[EXTRACTED DATA]
-.-.-

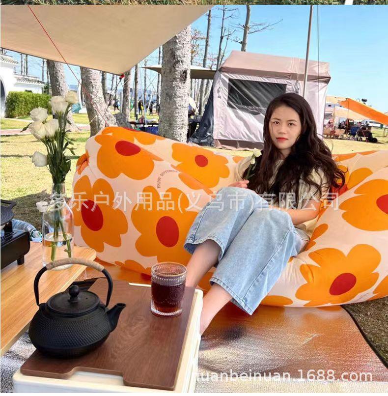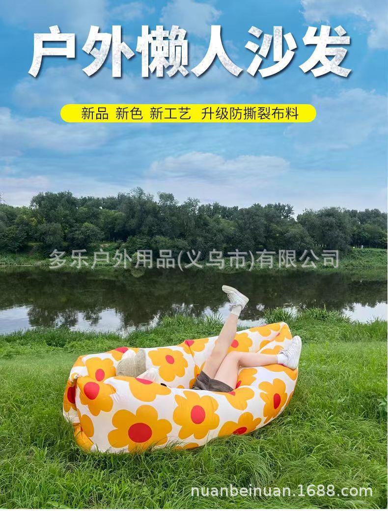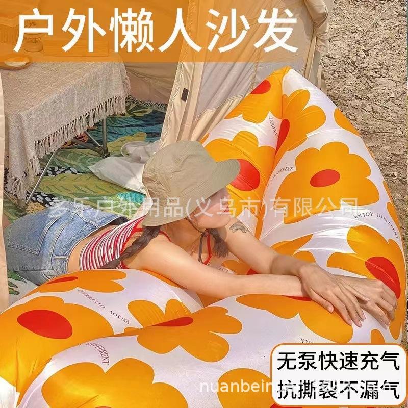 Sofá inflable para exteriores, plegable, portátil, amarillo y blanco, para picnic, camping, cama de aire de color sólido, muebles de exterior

-.-.-

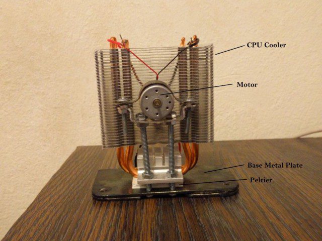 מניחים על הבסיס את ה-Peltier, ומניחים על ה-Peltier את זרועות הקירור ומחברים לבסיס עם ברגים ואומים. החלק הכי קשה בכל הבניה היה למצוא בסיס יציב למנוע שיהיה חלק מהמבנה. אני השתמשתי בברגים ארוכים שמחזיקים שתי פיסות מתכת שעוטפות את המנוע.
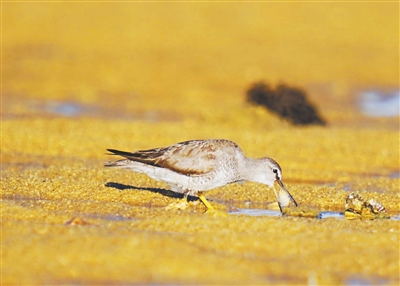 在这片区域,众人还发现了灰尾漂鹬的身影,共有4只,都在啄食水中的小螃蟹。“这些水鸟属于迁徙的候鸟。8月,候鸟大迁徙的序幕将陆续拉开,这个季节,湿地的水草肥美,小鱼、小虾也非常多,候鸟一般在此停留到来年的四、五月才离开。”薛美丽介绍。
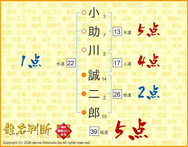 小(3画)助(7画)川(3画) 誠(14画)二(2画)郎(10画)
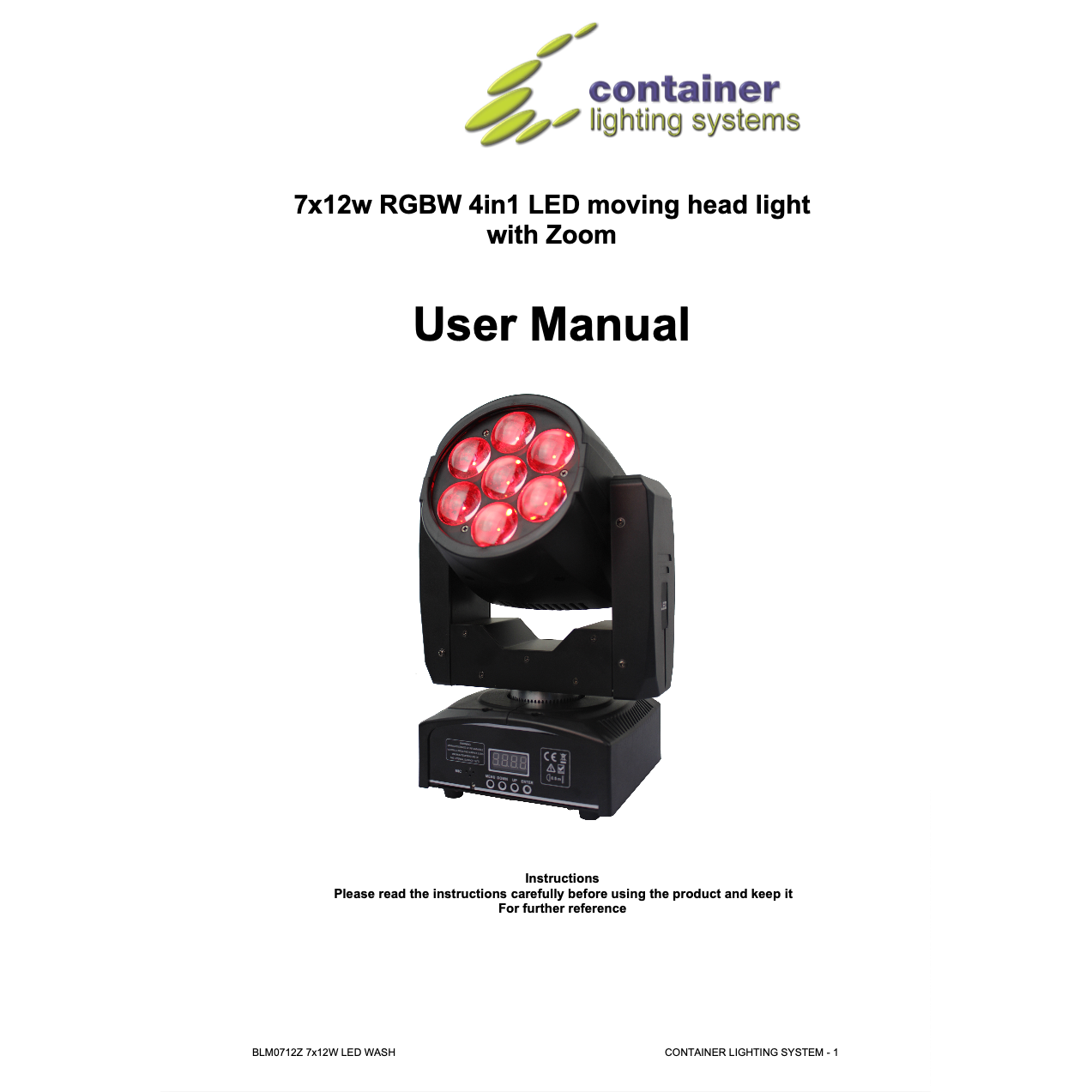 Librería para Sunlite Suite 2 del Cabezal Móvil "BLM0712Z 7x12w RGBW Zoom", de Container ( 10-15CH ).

-.-.-

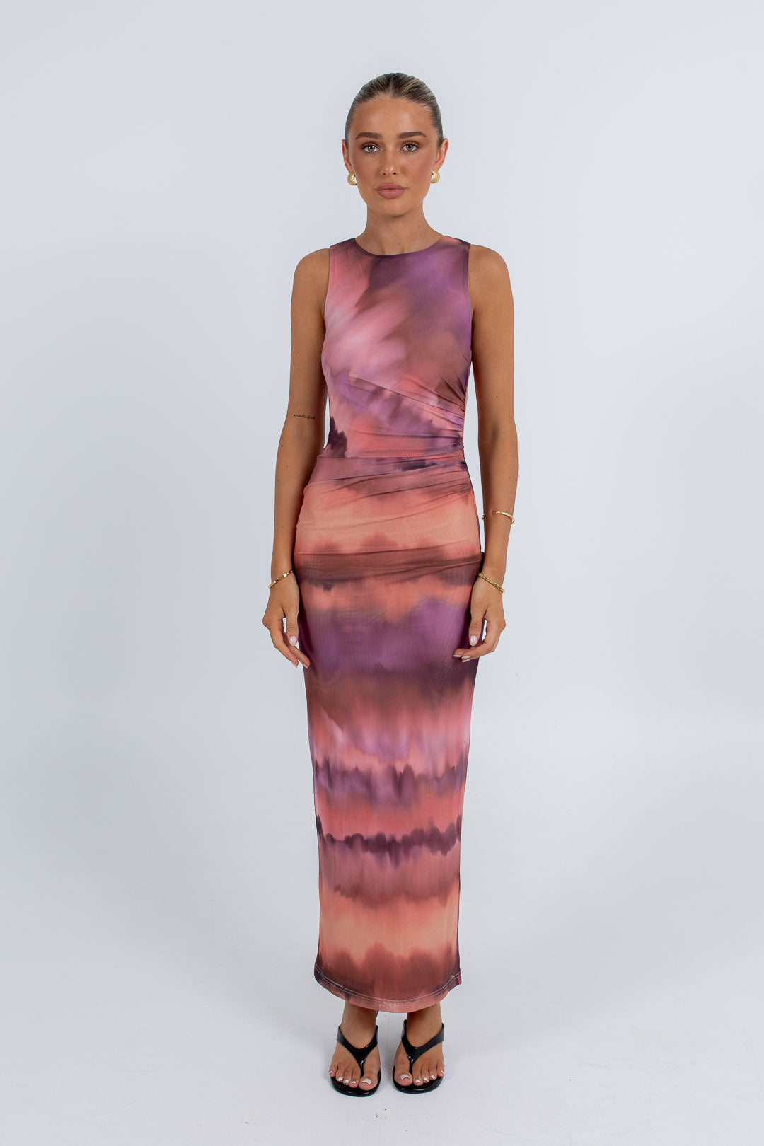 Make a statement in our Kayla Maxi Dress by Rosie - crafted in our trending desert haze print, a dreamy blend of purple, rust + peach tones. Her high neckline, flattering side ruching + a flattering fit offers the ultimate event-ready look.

-.-.-

[YOUR GOAL] Could you transcribe exactly the entries above, but only the lines from the one with "小(3画)助(7画)川(3画) 誠(14画)二(2画)郎(10画)" through the one with "Librería para Sunlite", and without pictures?

[EXERCISE ANSWER]
 小(3画)助(7画)川(3画) 誠(14画)二(2画)郎(10画)
 Librería para Sunlite Suite 2 del Cabezal Móvil "BLM0712Z 7x12w RGBW Zoom", de Container ( 10-15CH ).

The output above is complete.